:: INPUT DATA ::
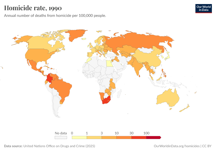 UN, World Population Prospects (2024); United Nations Office on Drugs and Crime (2025) – with major processing by Our World in Data. “Homicide rate per 100,000 population” [dataset]. United Nations Office on Drugs and Crime, “United Nations Office on Drugs and Crime - Intentional Homicide Victims”; United Nations, “World Population Prospects”; Various sources, “Population” [original data]. Retrieved January 9, 2026 from https://chrome-plugin.owid.pages.dev/grapher/homicide-rate-unodc
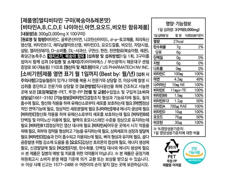 닥터브라이언 멀티비타민 구미 복숭아 & 레몬맛, 300g, 1개 - 비타민/건강식품 | 쿠팡
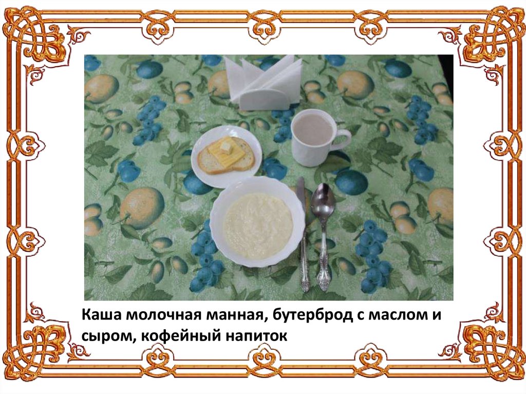 Каша молочная манная, бутерброд с маслом исыром, кофейный напиток
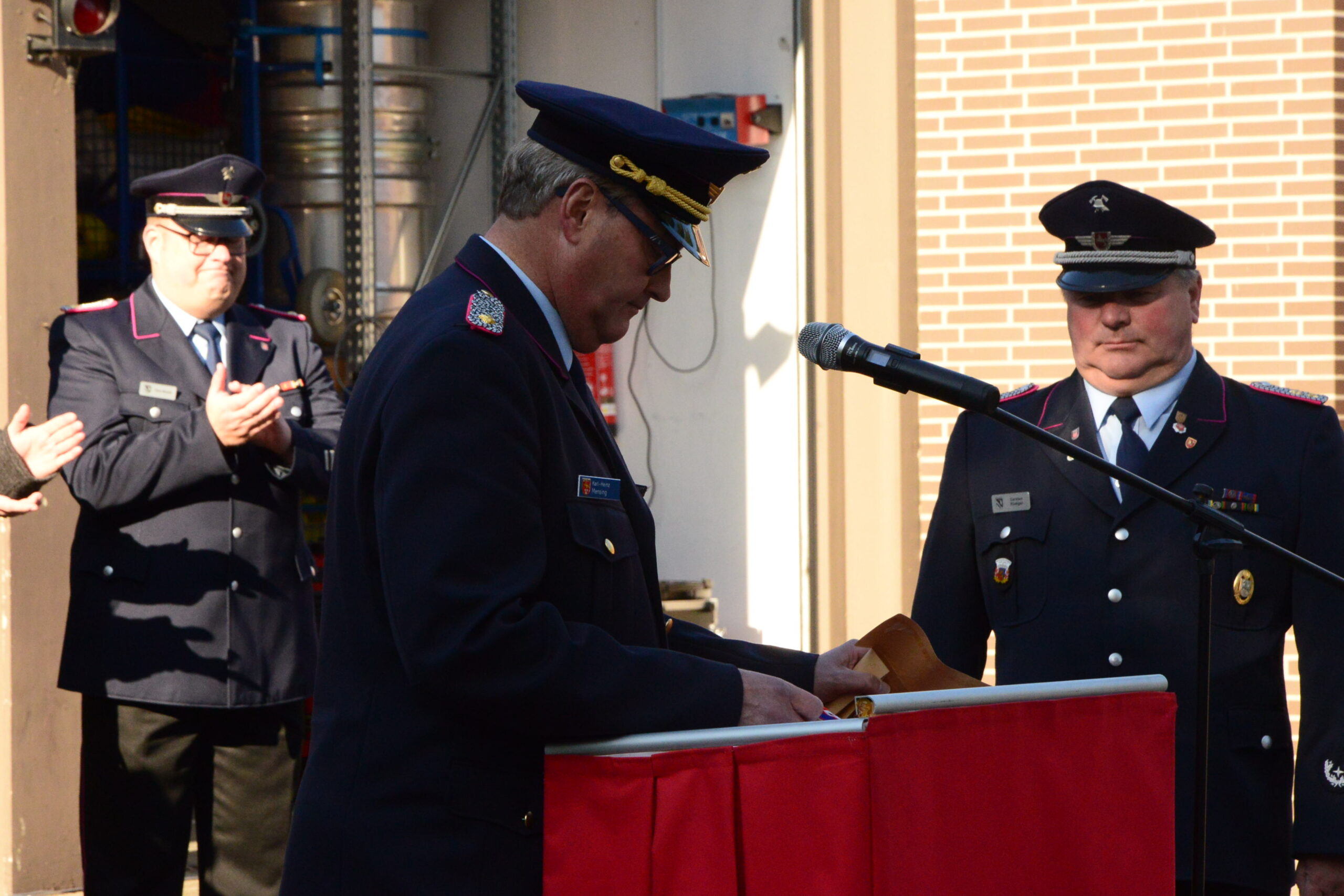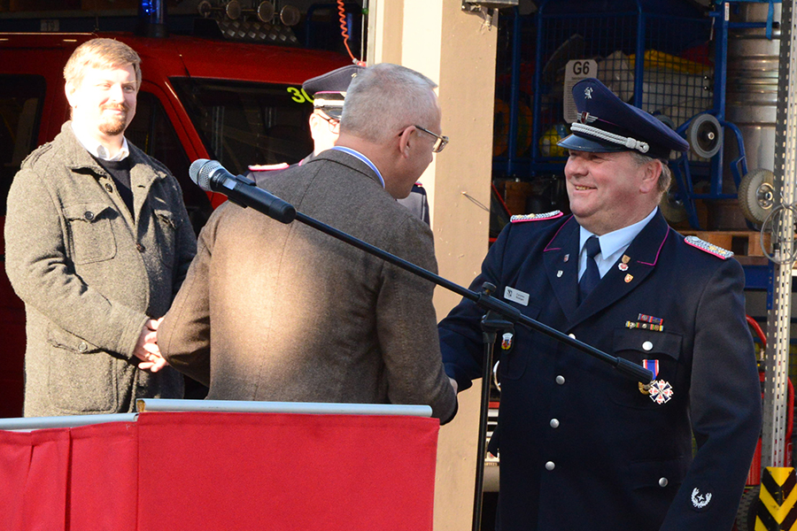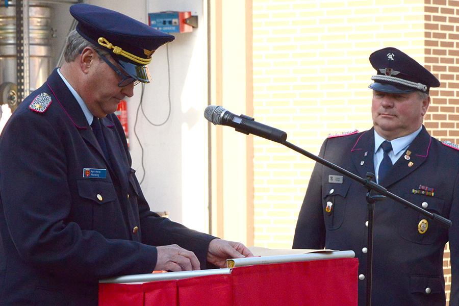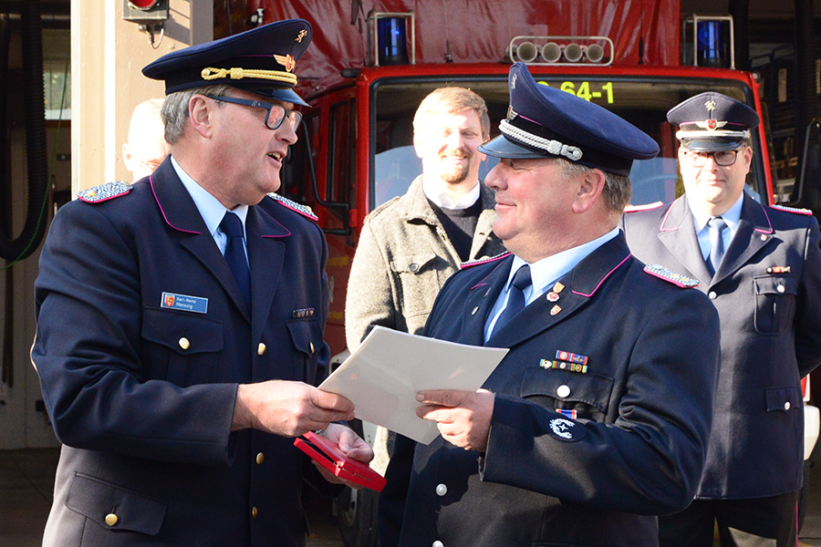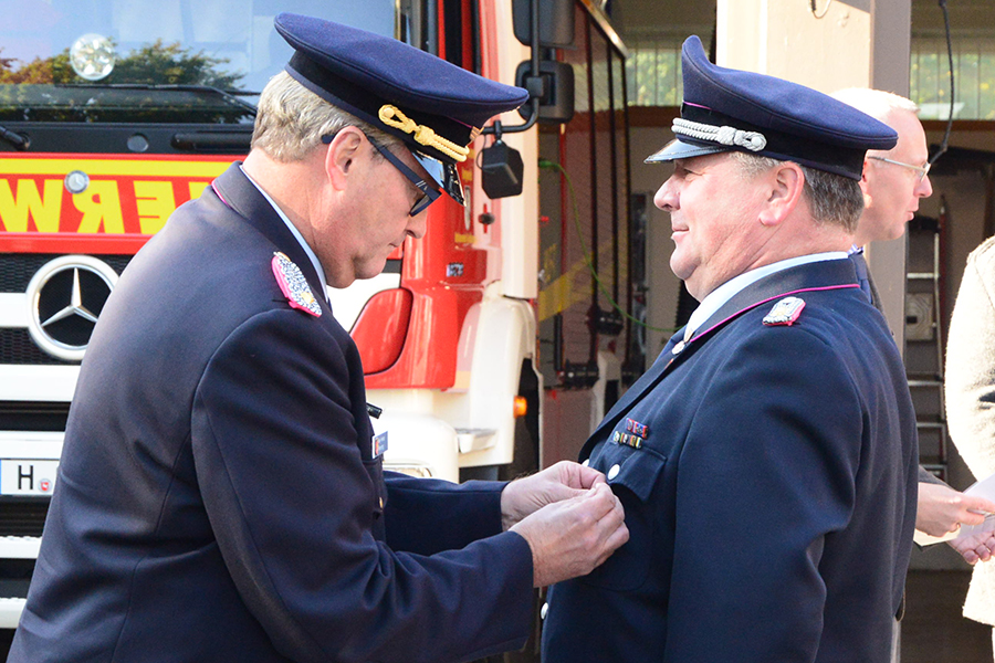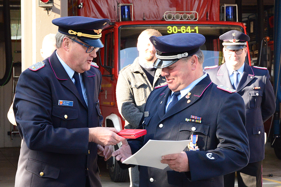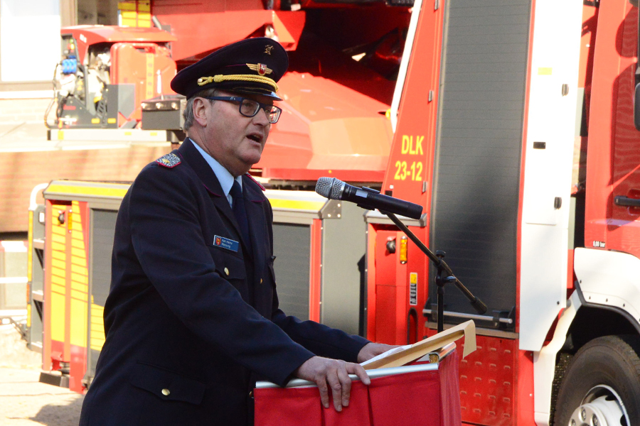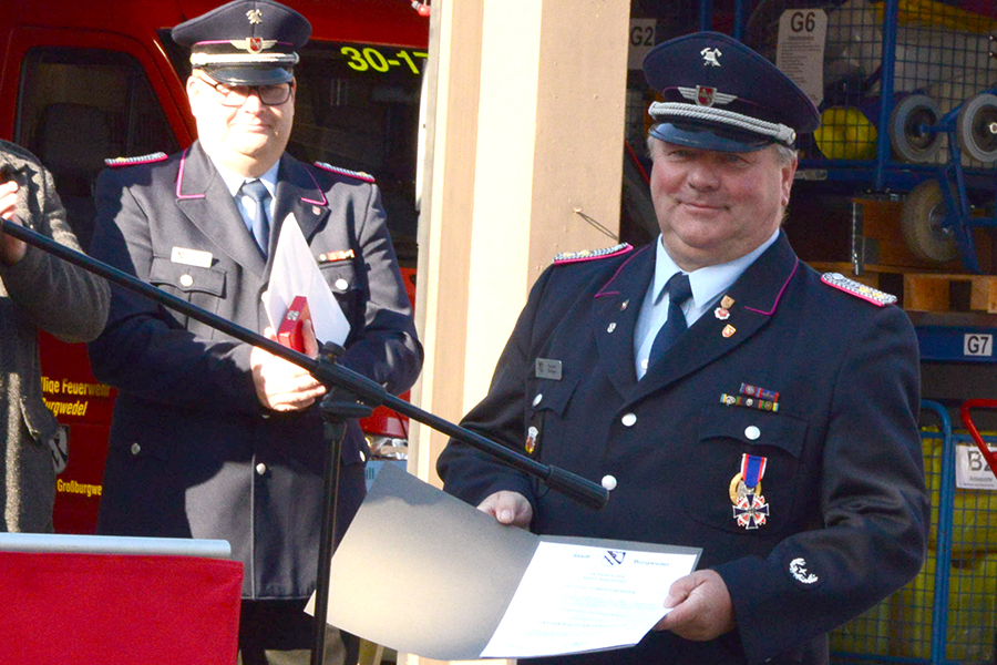 "Die schönste und teuerste Drehleiter ist es nicht Wert, wenn nicht die Kameradinnen und Kameraden in den blauen Uniformen sie bedienen", betonte Stadtbrandmeister Carsten Rüdiger, der selbst über Jahre auf die Anschaffung einer Drehleiter drängte. "Das ist ein historischer Tag für die Stadt Burgwedel", so der Stadtbrandmeister. Für Carsten Rüdiger hielten Regionsbrandmeister Karl-Heinz Mensing und Bürgermeister Axel Düker noch zwei Überraschungen bereit: Für besonderen Einsatz und als Anerkennung erhielt Carsten Rüdiger das Deutsche Feuerwehr-Ehrenkreuz in Silber. Es ist die zweithöchste Auszeichnung, die in der Deutschen Feuerwehr zu vergeben ist. Zudem wurde der Stadtbrandmeister der Dienstgrad "1. Hauptbrandmeister" verliehen.

:: EXERCISE OBJECTIVE ::
Word-for-word output of the material above is needed, with the pictures left out.

:: WRITTEN SOLUTION ::
 UN, World Population Prospects (2024); United Nations Office on Drugs and Crime (2025) – with major processing by Our World in Data. “Homicide rate per 100,000 population” [dataset]. United Nations Office on Drugs and Crime, “United Nations Office on Drugs and Crime - Intentional Homicide Victims”; United Nations, “World Population Prospects”; Various sources, “Population” [original data]. Retrieved January 9, 2026 from https://chrome-plugin.owid.pages.dev/grapher/homicide-rate-unodc
 닥터브라이언 멀티비타민 구미 복숭아 & 레몬맛, 300g, 1개 - 비타민/건강식품 | 쿠팡
 Каша молочная манная, бутерброд с маслом исыром, кофейный напиток
 "Die schönste und teuerste Drehleiter ist es nicht Wert, wenn nicht die Kameradinnen und Kameraden in den blauen Uniformen sie bedienen", betonte Stadtbrandmeister Carsten Rüdiger, der selbst über Jahre auf die Anschaffung einer Drehleiter drängte. "Das ist ein historischer Tag für die Stadt Burgwedel", so der Stadtbrandmeister. Für Carsten Rüdiger hielten Regionsbrandmeister Karl-Heinz Mensing und Bürgermeister Axel Düker noch zwei Überraschungen bereit: Für besonderen Einsatz und als Anerkennung erhielt Carsten Rüdiger das Deutsche Feuerwehr-Ehrenkreuz in Silber. Es ist die zweithöchste Auszeichnung, die in der Deutschen Feuerwehr zu vergeben ist. Zudem wurde der Stadtbrandmeister der Dienstgrad "1. Hauptbrandmeister" verliehen.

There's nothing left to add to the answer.